Auntie Sheila and Uncle Charlie are buried with my Granny. Pointedly the headstone states it was erected by “her daughter Sheila”.
Uncle Jackie worked in Andrews Mill and married to Auntie Mary. They had no children. Lived in Waterford Street and later upmarket at the Giants Foot. They were relatively posh with a radiogram and opera records.
They were good to me. When I met them outside, they always had a half crown and in the 1960s, that was a big thing.
Increasingly, I think that Uncle Jackie might have doubled as a Secret Santa in the late 1950s and early 1960s, I dont think my parents could not have afforded the red tricycle, the castle, the fort, the train set and one of the first Scalectrix sets.
Jackie, Daddy (Jim) and Sheila were three unlikely siblings. Uncle Charlie called them Pet Brother, Christian Brother and Crying Sister.
Uncle Jackie read every book in the library and could memorise entire chapters. But he could not understand anything he had read.

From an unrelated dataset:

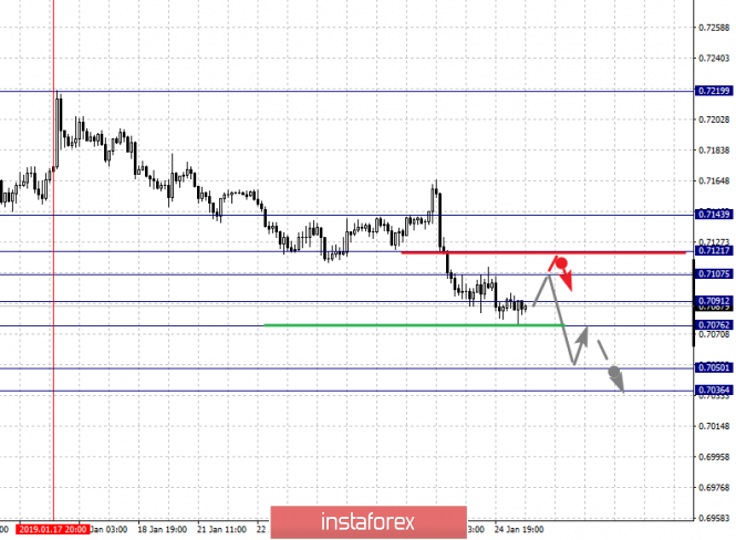 Краткосрочное восходящее движение возможно в коридоре 0.7107 – 0.7121, пробой последнего значения приведет к углубленной коррекции, здесь цель – 0.7143, этот уровень является ключевой поддержкой для нисходящей структуры.

But his worst fault was his Racism. It became more relevant…more personal… after my sisters wedding. Looking at my own wedding in 1982, Uncle Jackie (and Auntie Mary), Auntie Sheila (and Uncle Charlie) , it was the last time they/we were all together.
It feels like a line in the sand…before 1982, I had one family and after 1982, I was making a new family.
Uncle Jackie died on the day that my wife went into hospital to have our second baby. I was his nearest male relative but did not go to the wake. I did go to the funeral but was not central. That was wrong. I could say that the priority was our new baby born on the night of the funeral or I could say that it was about growing tired of Racism…but really it was callous. My father died within eight weeks
I did see Auntie Sheila thru Uncle Charlies funeral and my wife and I did look after her until she went to a geriatric unit. She was in and out of a coma but we had a week booked in Wexford. She could have lived weeks but she died on the last day of our holiday.
Auntie Sheila, all 4ft 9 of her tackled the massive paratrooper outside her house. She told him she had every hair on my head counted.
And I wasn’t there for her.
And as for Auntie Mary, I did not not even know she had died until about several months later.
And there was a consequence to my callousness. A family heirloom, a gift to my granny from a disabled child in West Bromwich went missing.
It is really about my callousness and how priorities change when we have children. And what unites the four people from my pre-1982 life is that they were childless.